Recommend multi-stage retrieval pipelines in oal.search javadocs. (#1…

…4310) `oal.search` currently only describes how to tweak ranking in a candidate retrieval stage. This enhances docs to recommend multiple stages, using reranking and/or RRF. Co-authored-by: Robert Muir <[email protected]>
apache · Feb 27, 2025 · fcffbe1 · fcffbe1
1 parent f28a8ae
commit fcffbe1
Showing 1 changed file with 35 additions and 0 deletions.

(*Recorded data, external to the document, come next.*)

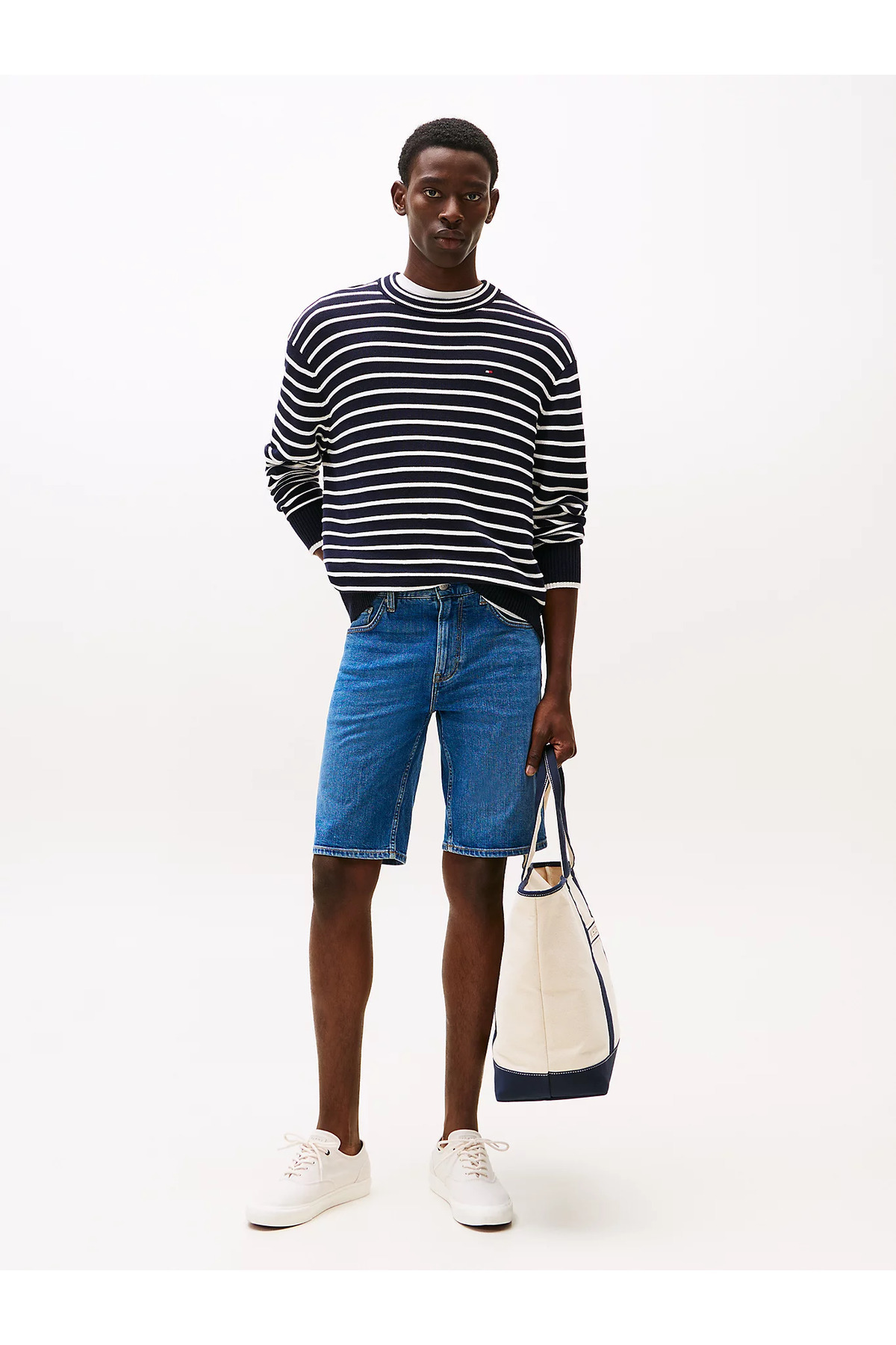 تامی هیلفیگر شلوارک مردانه کمری معمولی راحت جین آبی سرمه ای MW0MW39194-1BE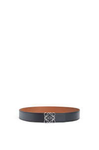 Reversible belt in smooth calfskin with a palladium LOEWE Anagram buckle. - 3.2cm wide Details - Colour: Black/Tan/Palladium - Metallic colour: Palladium - Main material: Smooth Calf/Brass - Weight : 0.1 kg - Height (cm): 3.2 - Width (cm): 100 - Depth (cm): 0.3 - Height (inch): 1.3 - Width (inch): 39.4 - Depth (inch): 0.1 - Model ID: 515.02.011 - Made in: Spain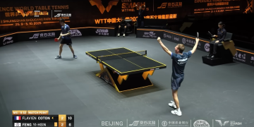 Non, Flavien Coton n’est pas le seul Français à martyriser la FFL au Grand Smash de Chine. En effet, Félix Lebrun n’est pas le plus mauvais à ce jeu. Pour cela, il suffit de jeter un œil sur son premier tour face à Aditya Sareen, pourtant 49e joueur mondial, remporté en seulement 15 minutes. Nous aurions dû nous douter que cette leçon de tennis de table n’augurait strictement rien de bon pour la suite. En seizièmes de finale, le Français était opposé à Chen Yuanyu, n°22 au classement mondial. Un adversaire coriace à ce stade de la compétition vous nous direz, mais on ne va pas se plaindre. Si le Montpelliérain remporte sèchement la première manche (11-3), le Chinois lui répond de la même manière lors des deux suivantes (4-11, 5-11). Ajoutez à cela une pincée de guigne pour Félix sur son service, et vous obtenez une fin de match ultra stressante pour lui, à un petit set de rejoindre son frère dans le tableau du simple masculin. À savoir devant son téléviseur.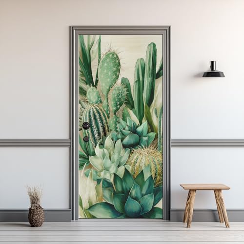Sticker Porte Tropical Plante, Sticker Mural Porte 63 x 205 cm Aquarelle Cactus, pour Salon Chambre Décoration De La Maison Muraux Imperméable Stickers Amovibles SR14zh189A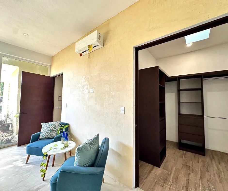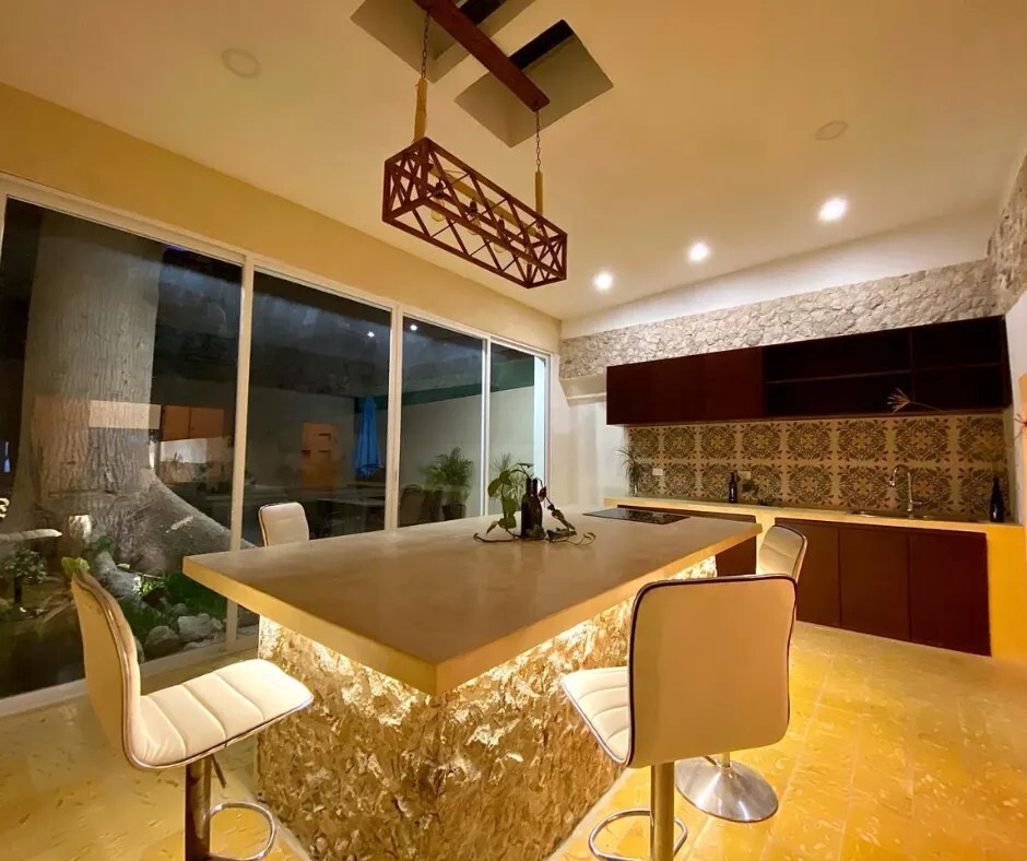 - Cocina: Isla amplia con estufa eléctrica, gavetas de madera, acabado con chukum, piso de pasta y aire acondicionado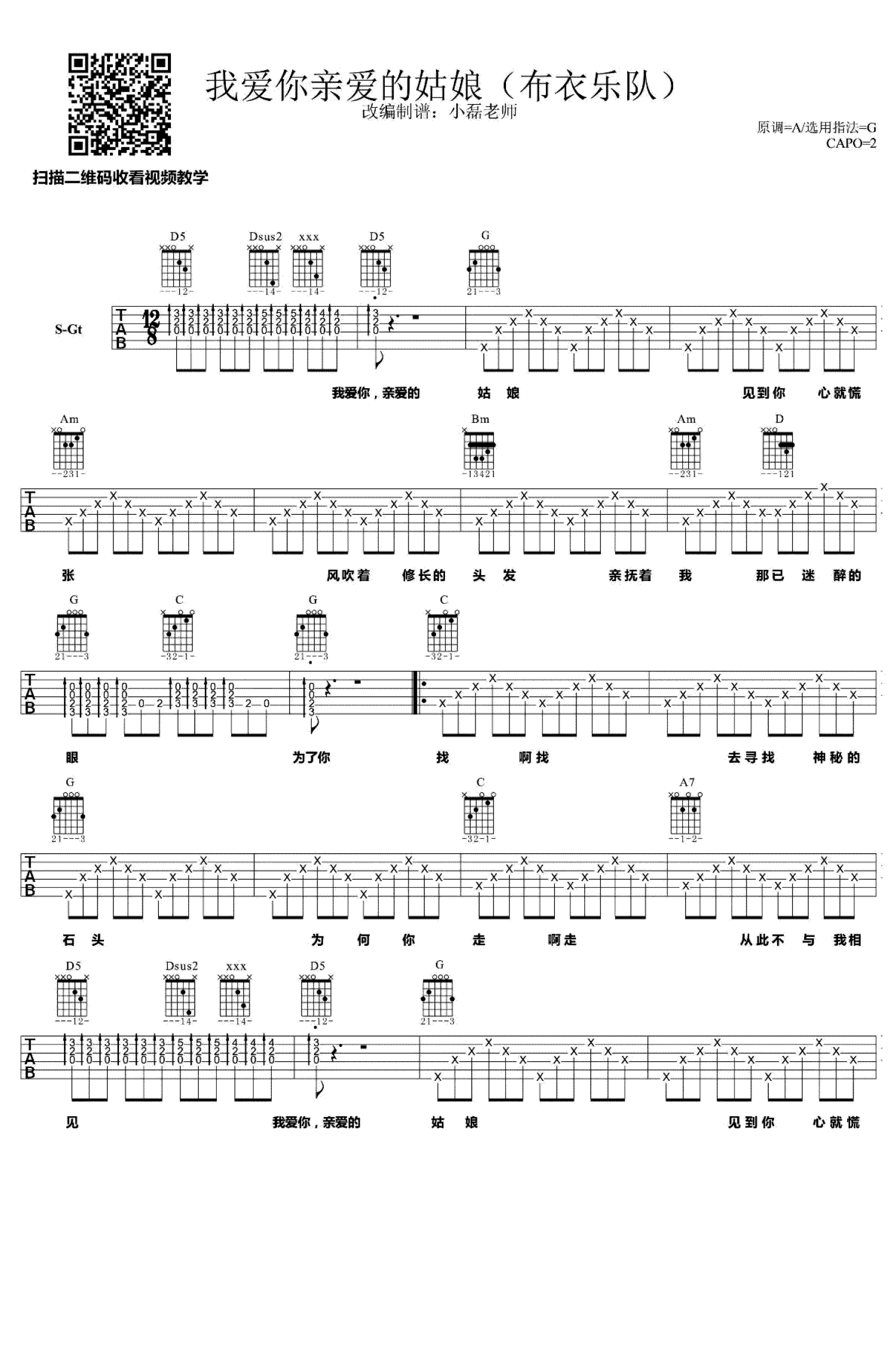 我爱你亲爱的姑娘吉他谱 - 布衣乐队 - G调吉他弹唱谱
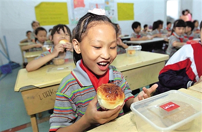 美味的爱心餐点让孩子们惊喜不已。陈翔摄

diff --git a/lucene/core/src/java/org/apache/lucene/search/package-info.java b/lucene/core/src/java/org/apache/lucene/search/package-info.java
@@ -350,6 +350,41 @@
  *
  * <a id="customQueriesExpert"></a>
  *
+ * <h3>Multi-stage retrieval pipelines</h3>
+ *
+ * <p>The above explains how to influence the score when evaluating all matches of the query. This
+ * is expensive by design since it applies to all matches of the query, which could be millions. In
+ * order to apply more sophisticated ranking logic, a good approach consists of having a retrieval
+ * pipeline that runs a simple candidate retrieval stage that retrieves e.g. 1,000 hits, followed by
+ * a more sophisticated reranking stage that reranks these 1,000 hits to select the best 100 hits
+ * among them. Since the number of hits that this retrieval stage needs to operate on is bounded, it
+ * allows it to be more sophisticated.
+ *
+ * <p>Lucene exposes reranking via the {@link org.apache.lucene.search.Rescorer} abstract class,
+ * which has two main sub-classes:
+ *
+ * <ul>
+ *   <li>{@link org.apache.lucene.search.QueryRescorer}, to rescore using a query. For instance, the
+ *       query string could be parsed as phrase query using {@link
+ *       org.apache.lucene.util.QueryBuilder#createPhraseQuery} instead of a boolean query in order
+ *       to help boost hits which also match the query string as a phrase.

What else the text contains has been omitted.